Now the problem I'm having is how do I use a struct like Location Inn like you described above to give you different options depending on your location in the grid? I'm able to move around my grid from 1-10 in both the x/y directions, but that's all I've got so far.

Now the problem I'm having is how do I use a struct like Location Inn like you described above to give you different options depending on your location in the grid? I'm able to move around my grid from 1-10 in both the x/y directions, but that's all I've got so far.

You should have an if statement that takes into account many cases while you are moving (I'm assuming you're moving in a loop).

while(true /*or whichever condition you use to keep movement going*/)
{
       //...
       if(currentX == Start.x && currentY == Start.y)
       {
               //do something
       }       


       //...

}

Assuming that you want to do it the fairly easy way.

So that's the easy way. Is there a better, more efficient way, or is this what would actually be accepted as good coding?

So that's the easy way. Is there a better, more efficient way, or is this what would actually be accepted as good coding?

There is, and I've been working on a good example for some time now.

Consider the following code, where I store created Location objects in an array then reference each of them. Notice the new name-parameter I gave them. This will help reduce the amount of code you write in your movement loop, but it will increase the code in your Location structs--

#include <cstdlib>
#include <iostream>
#include <string>

using namespace std;

typedef struct SomeStruct
{ 
       private:
              string name;
               
       public:
              int x, y;
              
              SomeStruct(const char *arg, int xLoc, int yLoc)
              : name(arg), x(xLoc), y(yLoc){}
              
              void doSomething()
              {
                   if(name == "ok")
                   {
                          cout << "Ok!" << endl;         
                   }
                   else if(name == "inn")
                   {
                          cout << "I'm an inn!" << endl;
                   }
                   else if(name == "start")
                   {
                          cout << "Starting!" << endl;
                   }
                   /*
                   else if...
                   */
                   else//final case
                   {
                        
                   }
                  
              }
}Location;

#ifndef LOCATIONS
#define LOCATIONS 2
#endif

Location Inn("inn", 2, 4), Start("start", 0, 4); 

Location loc[] = {  Inn,  Start  };


int main(int argc, char *argv[])
{
     int currentX = 2, currentY = 4; //notice that these are the inn's cooridnates

     //inside your movement-loop...

     for(int i = 0; i < LOCATIONS; i++)
     {
           if(loc[i].x == currentX && loc[i].y == currentY)
              loc[i].doSomething();
     }
     
    
     cin.get();
     return 0;
}

--There's also another way of doing this, but it involves mid-first-quarter C++ knowledge.

Comments
Had to wait 24 hours

Wow, I actually understood the majority of that code.

Things I didn't:

#
}Location;

#ifndef LOCATIONS
#define LOCATIONS 2
#endif

This part: Why do you have Location; outside the SomeStruct braces?
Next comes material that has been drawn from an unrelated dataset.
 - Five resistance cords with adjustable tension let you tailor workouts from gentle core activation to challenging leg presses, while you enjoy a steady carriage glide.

Also the #indef part, I've seen it before but I'm not entirely sure what it means.

Also the part within the for loop. I think I understand the part within the if braces, but I just don't understand the increment part in the for arguments.

Wow, I actually understood the majority of that code.

Things I didn't:

#
}Location;

#ifndef LOCATIONS
#define LOCATIONS 2
#endif

This part: Why do you have Location; outside the SomeStruct braces? Also the #indef part, I've seen it before but I'm not entirely sure what it means.
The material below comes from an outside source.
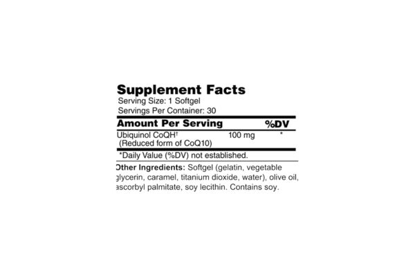 Ubiquinol is the active antioxidant form of CoQ10. It has an additional two hydrogen atoms and comprises the majority of the ubiquinone/ubiquinol pool in the plasma of healthy subjects. Ubiquinol may be important for older individuals or individuals who appear not to respond to regular CoQ10 supplementation due to poor conversion of CoQ10 in the body. This formula supplies 100 mg of CoQ10.

Also the part within the for loop. I think I understand the part within the if braces, but I just don't understand the increment part in the for arguments.

SomeStruct is just a typedef for objects of its kind. It's like how int is a type-definition for ints.

When you say int x, you are declaring that x is a reference-variable for int objects (well, to an extent. ints are really primitive types and not objects, but they have good enough similarities for this example). The same applies for Location - it's just a shorter, and a more understandable name for "SomeStruct" and performs the same way a SomeStruct object would.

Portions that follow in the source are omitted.